Sylvabelle 2 Le monde d’avant est encore là
Sylvabelle 2 Le monde d’avant est encore là
Le monde d’avant est encore là
Dimanche 15 mars, c’est le jour du premier tour des élections municipales et nous y allons à pied. Des mesures sont prises pour qu’on fasse la queue éloignés les uns des autres et que deux personnes seulement entrent en même temps dans la salle où l’on vote. Pour suivre les consignes, j’ai pris mon propre stylo mais je n’ai aucune protection. Nous rencontrons des voisins et des amis que nous saluons sans les toucher pour suivre les consignes présidentielles mais nous plaisantons sur les mesures de sécurité du bureau de vote. Manifestement personne ne se sent vraiment concerné. Les médias commencent à parler plus sérieusement de confinement mais on préfère encore parler de « distanciation sociale », terme inintelligible et bien mal approprié. Le soir, le covid-19 fait la place aux résultats des élections et reprend un rôle secondaire. C’est plutôt par la question de l’annulation ou non du second tour des élections qu’il se montre dans les débats qu’en tant que drame sanitaire. De toutes façons, il y a encore peu de personnes contaminées, hospitalisées ou décédées. Une allocution présidentielle est programmée pour lundi 16 à 20h et l’on ne sait pas encore si le second tour sera annulé.

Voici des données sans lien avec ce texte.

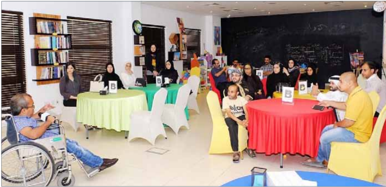
صالح يقدم إحدى محاضراته في التنمية البشرية

غير أن ما منح لي من فرصة عمل لم تكن سهلة الأداء على النحو الذي يفترض أن تكون. فهذه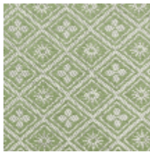
1698-02 CORSET - AMANDE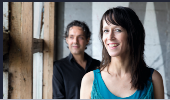
▲ PALIX UND BIENWALD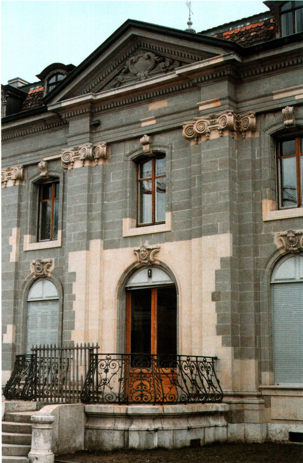
Fig.9 La Grande Boissière (Genève), avant-corps central de la façade ouest. Une restauration comme on les pratiquait dans les années 50-60: les façades ont été entièrement ravalées et de nombreux quartiers remplacés par des pierres d'une autre couleur.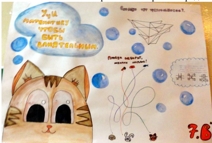
7 «В» класс

С 19 по 26 ноября в школе прошла предметная неделя по математике и информатике.

Lundi 16, les choses s’aggravent et se précisent mais sans grand chambardement encore. Toutefois, je décide d’annuler une installation téléphonique chez ma mère de 93 ans pour ne pas prendre le risque de laisser entrer quelqu’un chez elle. J’appelle Orange et je demande l’annulation de la venue du technicien le matin même. L’employée qui me répond n’a manifestement reçu aucune consigne car elle me dit que je ne peux pas annuler un rendez-vous si je ne le fais pas au moins 48h en avance. J’argumente sur la situation nouvelle et l’âge de ma mère. Elle décide d’aller demander à son chef ce qu’il faut faire. Clairement les informations commencent à passer mais de façon approximative car elle accepte ma demande et m’explique ce que je devrai faire pour reprendre rendez-vous. Ce problème réglé, je me dépêche d’aller chez le dentiste qui a avancé mon rendez-vous pour cause de fermeture du cabinet aujourd’hui. Un contexte inhabituel crée une atmosphère étrange chez le dentiste mais rien qui ne paraisse très inquiétant. Je lui demande cependant quoi faire si je souffre puisque le cabinet ferme. Il plaisante et me conseille « d’aller mettre un cierge à ND de la Garde ». Je ne savais pas alors que ce ne serait bientôt plus permis ! Je reprends ensuite le fil de mes activités et je me rends chez un marchand de fruits et légumes où aucune précaution d’aucune sorte n’est prise. Il y a plus de monde que d’habitude pour un lundi matin mais rien d’autre.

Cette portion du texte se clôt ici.